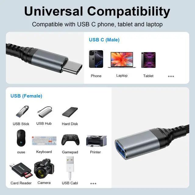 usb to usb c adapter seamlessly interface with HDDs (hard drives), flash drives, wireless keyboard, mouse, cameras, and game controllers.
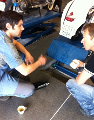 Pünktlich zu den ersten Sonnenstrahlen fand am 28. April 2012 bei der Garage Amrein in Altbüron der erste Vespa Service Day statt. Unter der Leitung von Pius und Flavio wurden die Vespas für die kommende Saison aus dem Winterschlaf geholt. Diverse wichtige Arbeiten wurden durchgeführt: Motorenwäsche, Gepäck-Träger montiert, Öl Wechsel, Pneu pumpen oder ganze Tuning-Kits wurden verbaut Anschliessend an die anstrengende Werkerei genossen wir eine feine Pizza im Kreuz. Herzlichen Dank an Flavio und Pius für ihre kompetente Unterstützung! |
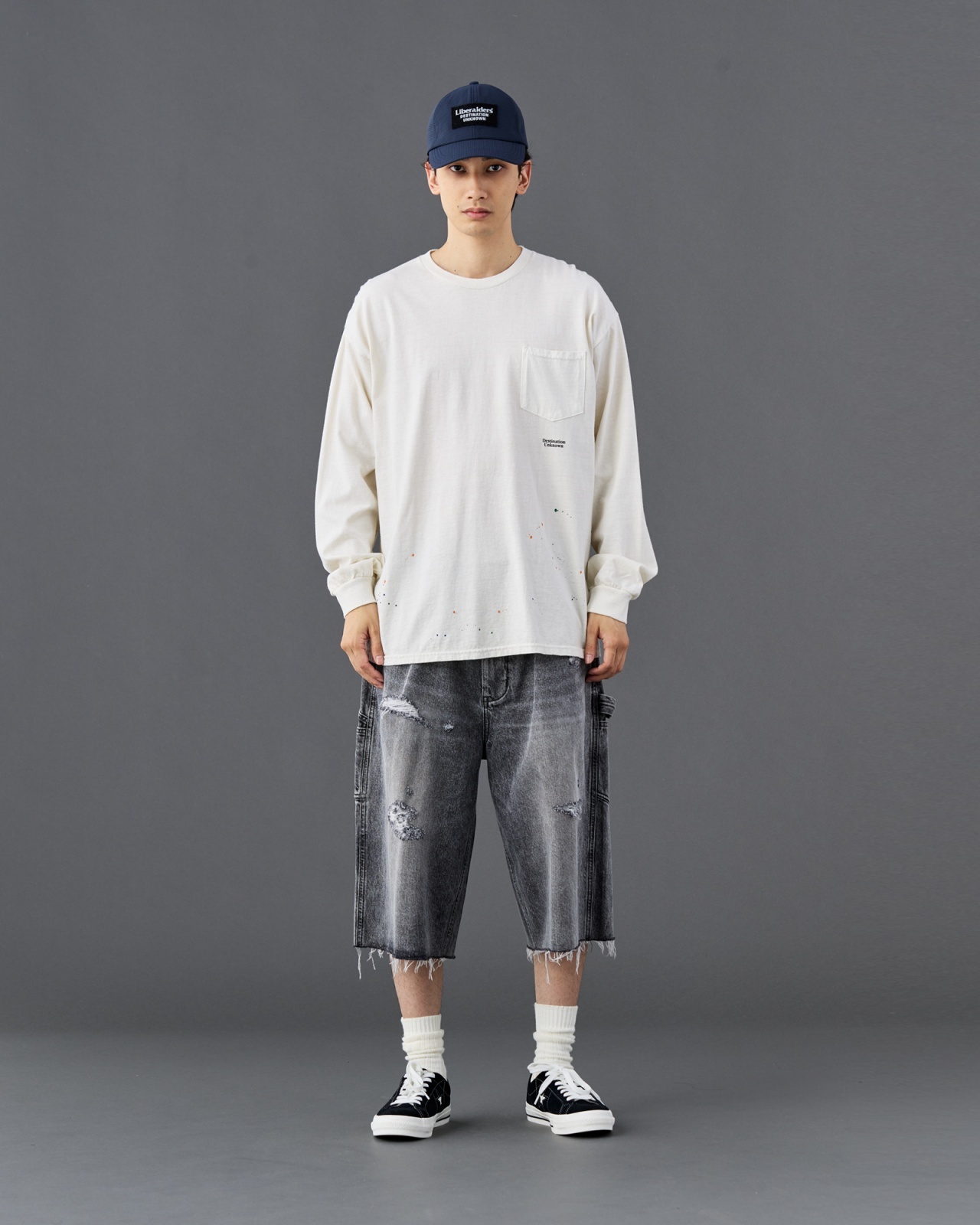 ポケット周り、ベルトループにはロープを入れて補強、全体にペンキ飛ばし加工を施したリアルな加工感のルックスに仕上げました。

########

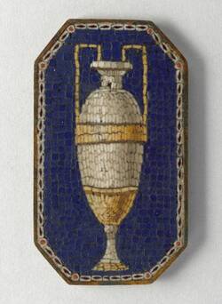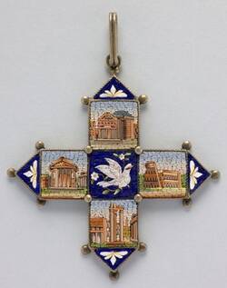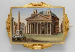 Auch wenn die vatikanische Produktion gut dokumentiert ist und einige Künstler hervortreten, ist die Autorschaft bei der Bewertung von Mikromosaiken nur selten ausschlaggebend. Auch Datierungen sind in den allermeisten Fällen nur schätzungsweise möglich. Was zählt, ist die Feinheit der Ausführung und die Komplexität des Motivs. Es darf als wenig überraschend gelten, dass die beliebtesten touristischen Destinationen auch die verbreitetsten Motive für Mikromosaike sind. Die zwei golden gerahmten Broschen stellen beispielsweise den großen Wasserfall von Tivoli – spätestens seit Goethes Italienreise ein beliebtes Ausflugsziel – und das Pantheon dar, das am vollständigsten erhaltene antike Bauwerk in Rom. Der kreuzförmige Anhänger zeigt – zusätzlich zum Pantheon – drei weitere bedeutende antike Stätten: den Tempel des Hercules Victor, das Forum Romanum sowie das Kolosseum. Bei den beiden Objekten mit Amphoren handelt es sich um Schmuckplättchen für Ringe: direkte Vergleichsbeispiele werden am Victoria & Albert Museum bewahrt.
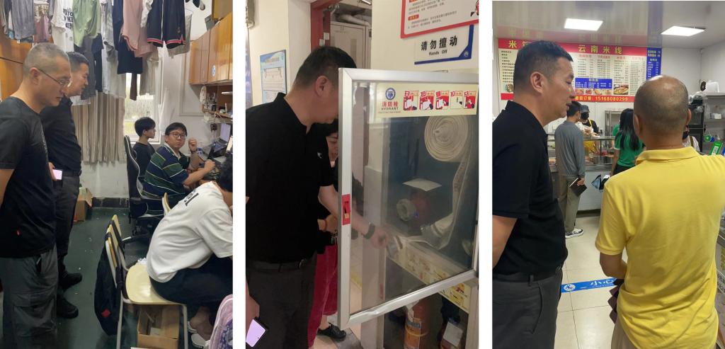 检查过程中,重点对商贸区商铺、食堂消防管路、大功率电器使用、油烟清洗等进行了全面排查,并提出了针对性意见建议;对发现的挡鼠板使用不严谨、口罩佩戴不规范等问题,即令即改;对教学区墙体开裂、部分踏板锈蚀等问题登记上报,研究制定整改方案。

########

- Task requirements:
Using the records above, print exactly the run of lines that starts with the line with "usb to usb c" and goes on through the line with "ポケット周り、ベルトループに", pictures excluded.

- Expected output:
 usb to usb c adapter seamlessly interface with HDDs (hard drives), flash drives, wireless keyboard, mouse, cameras, and game controllers.
 Pünktlich zu den ersten Sonnenstrahlen fand am 28. April 2012 bei der Garage Amrein in Altbüron der erste Vespa Service Day statt. Unter der Leitung von Pius und Flavio wurden die Vespas für die kommende Saison aus dem Winterschlaf geholt. Diverse wichtige Arbeiten wurden durchgeführt: Motorenwäsche, Gepäck-Träger montiert, Öl Wechsel, Pneu pumpen oder ganze Tuning-Kits wurden verbaut Anschliessend an die anstrengende Werkerei genossen wir eine feine Pizza im Kreuz. Herzlichen Dank an Flavio und Pius für ihre kompetente Unterstützung! |
 ポケット周り、ベルトループにはロープを入れて補強、全体にペンキ飛ばし加工を施したリアルな加工感のルックスに仕上げました。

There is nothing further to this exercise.